TIM HUNT’S MAIN STREET SKETCHES

From the June 2025 Issue

Tim Hunt explores his community outfitted with a small sketchbook, pen, and watercolour kit. In our regular feature, he shares the pages from his sketchbook and tells the stories behind his work.

 

The heritage plaque on Hydro Substation No.5 recounts a surprising history of this familiar site along Riverdale Avenue. Slattery’s Field, a humble cow pasture, became a makeshift landing strip for a pilot performing stunts at the Central Canada Exhibition in 1911. In 1913, it hosted the landing of the first flight between two Canadian cities (Montreal and Ottawa). “Both pilots had to contend with cows and horses which shared this crude airfield,” the plaque reads.

The austere modernist structure that now sits on what was once the Slattery farm was designed in the mid-1940s by architect J. Albert Ewart, designer of Knox Presbyterian Church at Elgin and Lisgar streets.
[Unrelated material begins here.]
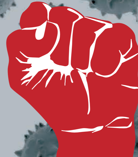
(画像はイメージです)

It speaks of a time when utilitarian public infrastructure was treated with formality and a touch of class. The Ottawa Hydro Electric building will soon be joined by a neighbouring structure on the corner of Riverdale and Main due to increasing power demands from our burgeoning community.

On summer weekends, the occasional biplane still roams the skies, and I couldn’t resist the anachronistic touch in this drawing.